Monday, October 25, 2010

Think About Stuff

Welcome to my blog! (This is my first post, so bear with me....)

So, it's a dreary Monday in Toledo, Ohio; it seems like Mondays are always dreary here. It's a gray place to live, although it has some sunny moments. More often than not, though, I have to create my own sunny moments. So, I delve into the activities that excite me--writing, reading, and thinking. Reading leads to thinking; thinking leads to writing. Last year, while finishing up my Bachelor's degree, I read a lot of fascinating and inspiring books that led me to a lot of thinking...about stuff.

The most influential book I read on this topic was Being Consumed: Economics and Christian Desire by William T. Cavanaugh. A scholarly book, it is certainly not a quick and easy read. However, since I've read it, I now think about what I am buying, where it comes from, and why I'm buying it. I think about the reasons of why we as a society are compelled to buy.

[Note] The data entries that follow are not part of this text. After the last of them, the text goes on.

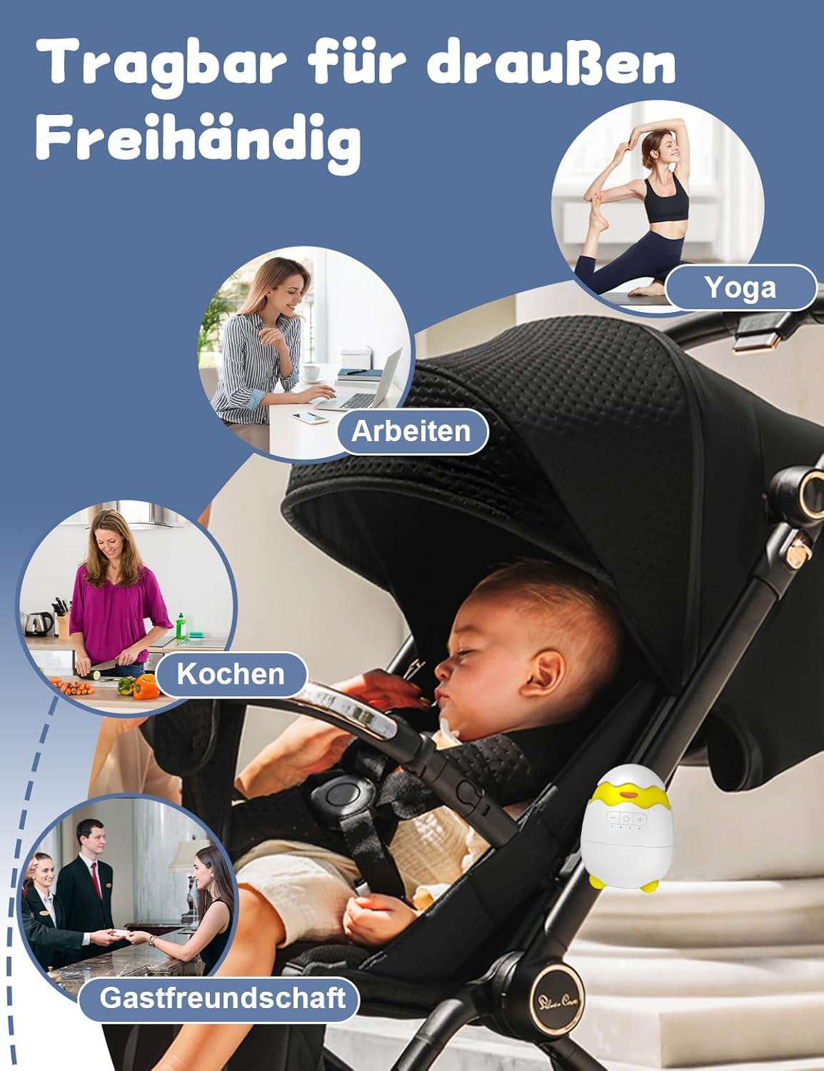 • Преносима за употреба на открито Освободете ръцете си - Тази люлка за количка е с въртящ се на 360° дизайн, който имитира естествените движения на люлеене. Тя е специално проектирана за употреба на открито и е устойчива на лек дъжд, за да осигури на вас и вашето бебе повече комфорт и безопасност по време на дейности на открито.
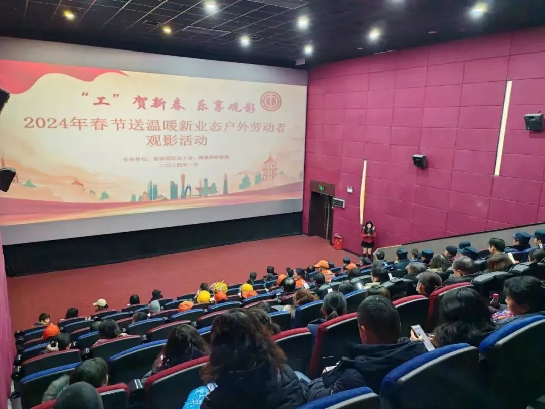 宜昌市伍家岗区总工会联合潇湘国际影城开展2024年春节送温暖新业态户外劳动者观影活动,140余名劳动模范、保安员、外卖小哥、环卫工人共同欣赏了影片《年会不能停》,观影现场,职工们笑声不断,氛围极佳。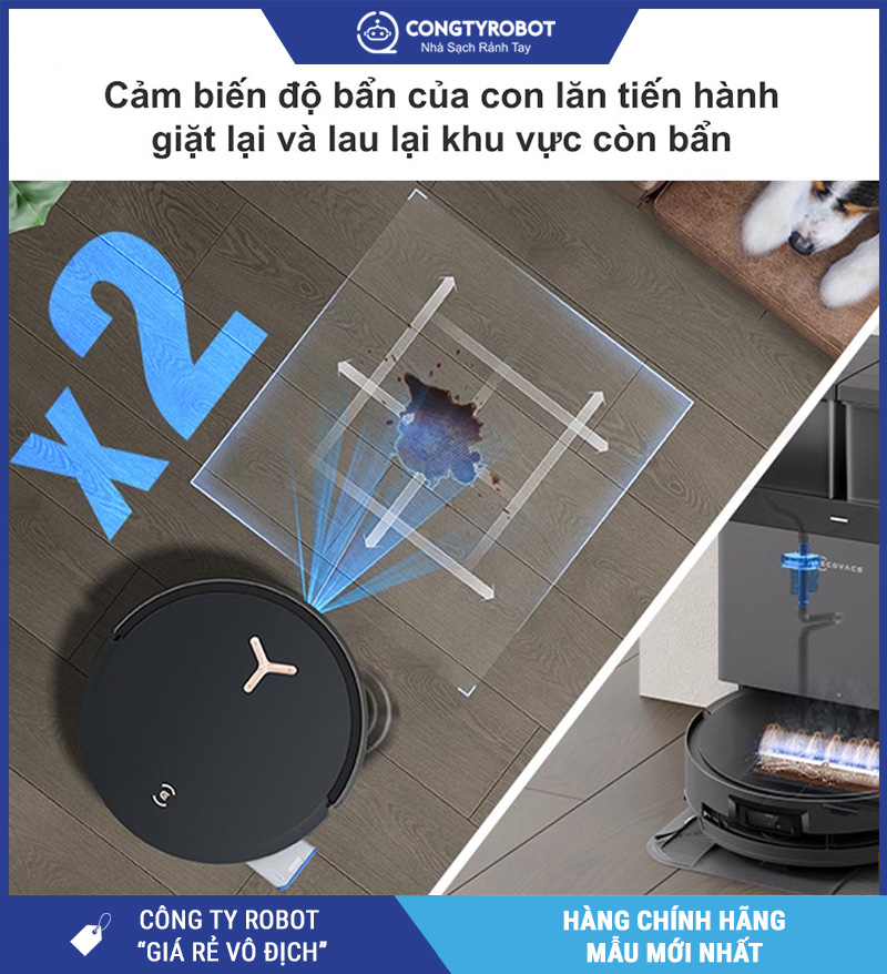 Tích hợp trí tuệ nhân tạo, robot phát hiện vết bẩn và tự động tăng lực hút/lau lại tại khu vực đó. Đảm bảo vết bẩn cứng đầu cũng được xử lý sạch sẽ.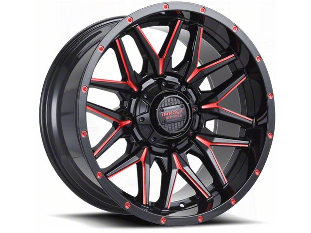 The 20x10 Impact Wheels 819 Gloss Black and Red Milled 6-Lug Wheel is completed in a high-quality gloss black finish with red milled accents. There's a durable clear coat that looks amazing and protects the wheel against the rigors of driving.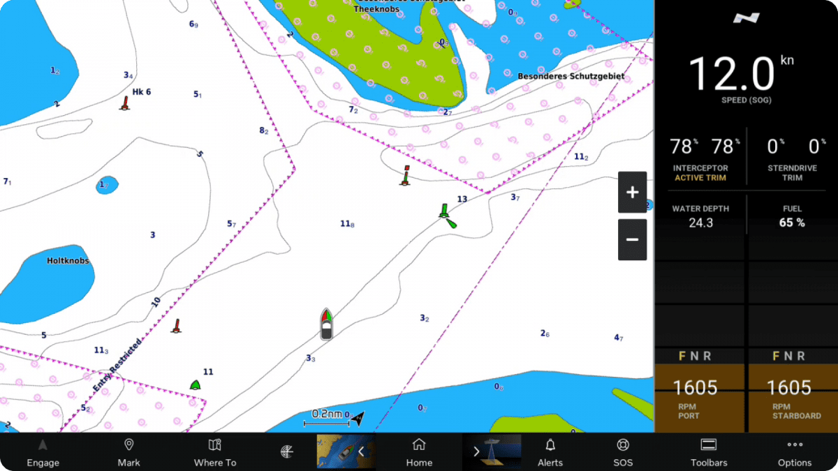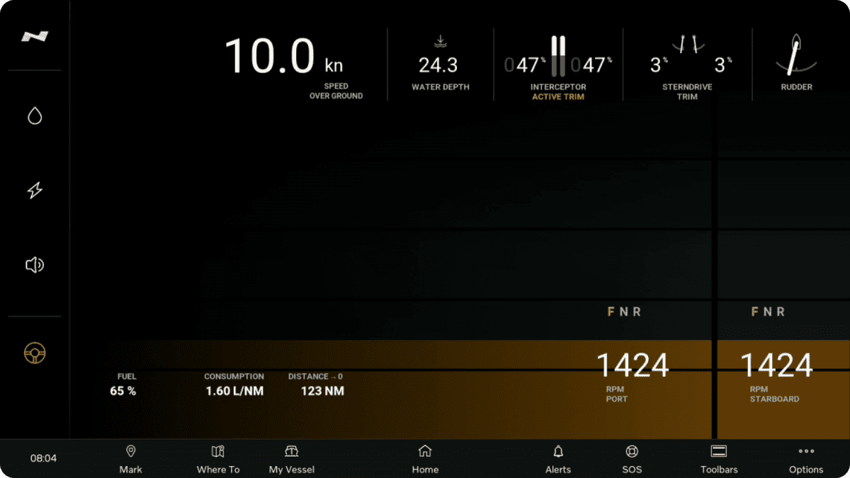 This new Nimbus UI will give the user an easier understanding and monitoring of different data/values that are relevant for the boat. The UI is consciously stripped down and developed for user-friendliness. You will get all the info that you need in a few different predefined screens in your MFD. This is yet another step for Nimbus, always developing user-friendly and intuitive solutions for the conscious boat owner.

Cavanaugh's book led me to change my buying habits, but it wasn't enough. I wanted more simplicity. So, I read the book The Simple Guide to a Minimalist Life by Leo Babauta. This book offered me suggestions on how and why to get rid of stuff and how to organize the stuff I keep. This is no easy task, I assure you! Knowing, though, that others can use what I may not have used for several years gives me a peaceful feeling, as though I'm doing right for the world, for once.

I made several hauls to Goodwill. I still have a ways to go, but I feel much lighter (less clutter around the house equals less clutter in my mind) already.

Here's my final thought (for today) about stuff and consumerism and, possibly, a "call to action" (if you choose to accept...!): The day that seems to mark the beginning of the Christmas season is known as Black Friday (the day after Thanksgiving). What I did last year and what I will do again this year is to use that day to do the opposite of what the general American society does (anti-spending): take donations of all kinds to places that will happily accept them. Can I make this a movement? Probably not. And certainly not on my own. What will you do on Black Friday?

Look at your stuff; ask yourself what it means to you. Think about stuff; ask yourself if you need to keep it. You might find yourself feeling a little lighter, maybe a little sunnier, even if you live in a gray town.

Let me know your thoughts about stuff; let's get a conversation going!